A mounted cassowary skeleton, dusty and gnawed by boneworms, nearly collapsed on top of the shuffling creature, and his initial cry of surprise turned into a triumphant little exclamation. Draped atop the bird’s skull like some kind of surreal tiara was a blackened amulet, bearing a sharp-edged carving of an alicorn’s head in profile. The grey creature smiled, and scooped the amulet into a little satchel at his flank, already bulging with other pieces of jewelry and oddly-shaped objets d’art. There was nothing like having a few forbidden artifacts on display to boost one’s reputation as a vendor of strange and unspeakable things, and the Alicorn Amulet, its powers notwithstanding, was harmless enough compared to some of the other options. Anypony who recognized it would also know how monumentally stupid it would be to try to actually use it, making it about as safe as a forbidden artifact could possibly be. Definitely better than the Hinnysmouth gold he had been going to use; Tian knew he didn’t need any more attention from them.
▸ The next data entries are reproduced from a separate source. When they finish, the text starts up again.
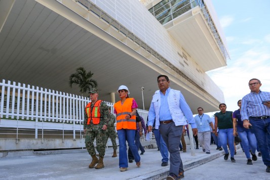 Acompañaron a la gobernadora el comandante de la 12 Región Naval, Alfredo Hernández Suárez; el secretario de Seguridad Pública Estatal, Evelio Méndez Gómez; el secretario del Consejo de Salubridad General, Marcos Cantero Cortés, entre otros.
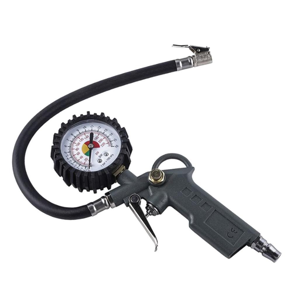 Medidor de presión de neumáticos de tubo largo universal: puede desinflar, inflar y probar los neumáticos de los vehículos, y también se puede conectar a una bomba de aire y tiene la función de soplar polvo en los motores de los vehículos.
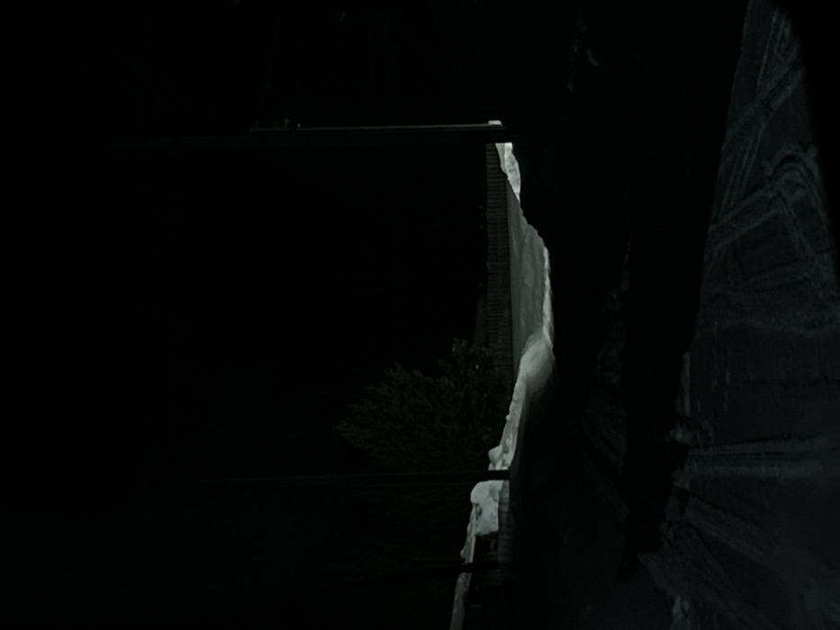 The low-lit image presents a stark contrast of light and shadow. On the right, a textured wall, possibly brick, is heavily shadowed. To its left, a vertical, illuminated crevice reveals a glimpse of a distant tree, adding depth. A dark, empty space dominates the left. A horizontal line, possibly a wire, cuts through the darkness.
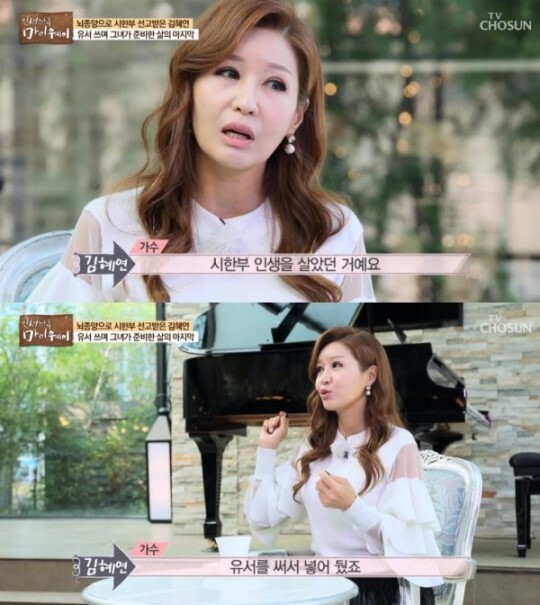 김혜연은 당시 "혈관을 찾지 못하면 대형 수술을 받아야 하는 상황이었다. 그래서 아무도 모르게 하루하루를 정리하고, 부모님이 걱정돼 유서도 써두었었다"고 말해 안타까움을 자아냈습니다.
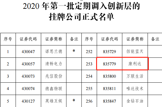 2020年5月22日,全国中小企业股份转让系统有限责任公司在官网发布《关于发布2020年第一批市场层级定期调共计502家企业成功脱颖而出进入新三板创新层,康利达装饰(股票代码:835779)位列其中,本次市场层级定期调整决定自2020年5月25日起生效。
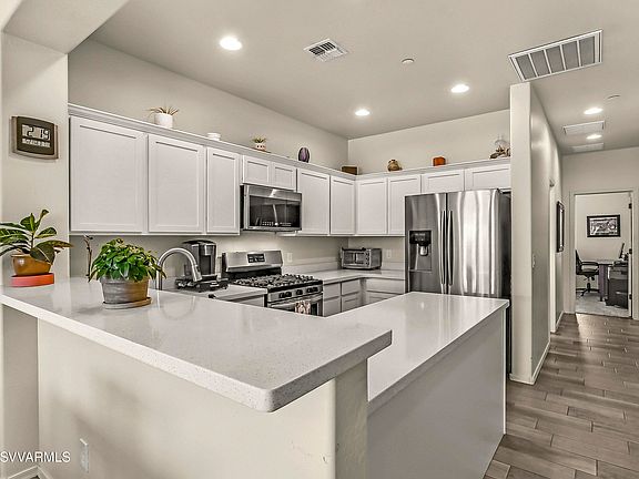 This charming townhome is designed for low-maintenance living, featuring an open split floor plan with tile flooring and a sunlit family room. The kitchen has quartz countertops and fresh appliances. Step outside to one of the biggest backyards in the subdivision with views of open skies and serene mountain vistas. The 37-foot tandem garage can accommodate a car plus extra storage for a motorcycle, workbench and other hobbies. Mountain Gate offers an exclusive community park that has basketball, pickleball, picnic ramadas and more, while being in close proximity to nearby wineries, and the many restaurants of downtown Cottonwood and Jerome.
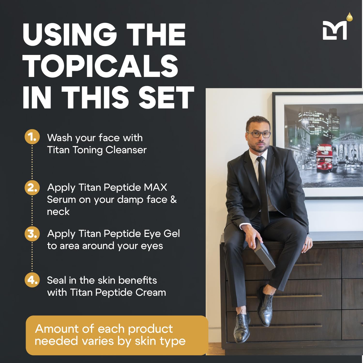 - What Gave Those Actors That Ageless Look: This anti-aging men's skincare set features the Titan Toning Cleanser, Titan Peptide MAX Serum, Titan Peptide Eye Gel, and Titan Peptide Cream; It's the skin care for men behind those 2025 Oscars close-ups
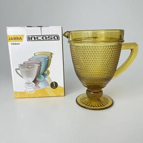 A Jarra Vidro Com Alça Amarelo Âmbar Relevos Bolinhas 1L150Ml é uma peça versátil que nunca sai de moda e sempre recebe muitos elogios. É um item obrigatório para deixar a sua mesa ainda mais charmosa e elegante. Além disso, essa jarra também pode ser uma ótima opção de presente para amigos e familiares que apreciam uma decoração sofisticada.

The little bronze bell on the front door jingled, and the silk-clad stallion raised his head, his long queue swaying from the sudden movement. A customer! He turned and slid towards the front of his shop, snuffing the taper with a wave of his hoof as he passed by.

Two customers, amended the stallion, as he passed through the curtain hanging across the backroom door. One, a hooded and cloaked pony—probably a mare, to judge from her size—was already rummaging around through a stack of maps leaning against a dusty sarcophagus, while the other still stood in the doorway, shifting from side to side as though it wasn’t quite comfortable in its own hooves. The shopkeep wasn’t sure what kind of equine it was, although the outline was somehow familiar. Well, no matter. All types were welcome here, so long as their gold was good.
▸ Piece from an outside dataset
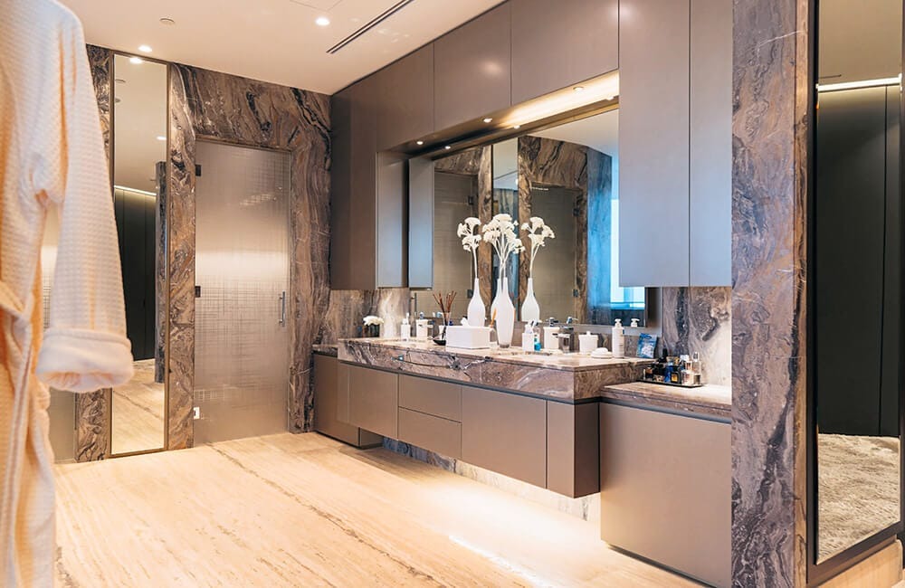 Our premium project at the prestigious Volante Tower in Business Bay, Dubai, showcases the transformative power of marble in elevating bathroom spaces to new levels of elegance and luxury. The luxurious bathrooms are adorned with carefully selected finishes, reflecting Marwa Marble’s dedication to craftsmanship and meticulous attention to detail.

“Miss, I really ain’t sure this place is open,” drawled the awkward silhouette in a twanging, accented voice. It was a stallion, then. “It’s awful late. Shouldn’t we come back tomorrow?”

His cloaked companion looked up. “Nonsense. By the standards of the Hollow Shades, eleven at night is practically the start of the business day. The proprietor is no doubt watching us this very moment, and will shortly be making himself known to—Ah.”

A sharp one, this, thought the shopkeep, as he stepped forward, a newly lit lantern swinging from the crook of his left forehoof. In a polite tone tinged with just the right amount of mystery, he asked, “Can I help you, travelers?”

The mare doffed her hood and smiled a not-particularly-nice smile. “Good evening, Odsin-qiánbèi. It’s been a while. How is business?”

There was something strangely familiar about the mare’s voice, something the shopkeep couldn’t quite place. “It—it goes well. Do I know you, traveler?” There was decidedly less mystique in his voice this time around. His visitor tilted her head.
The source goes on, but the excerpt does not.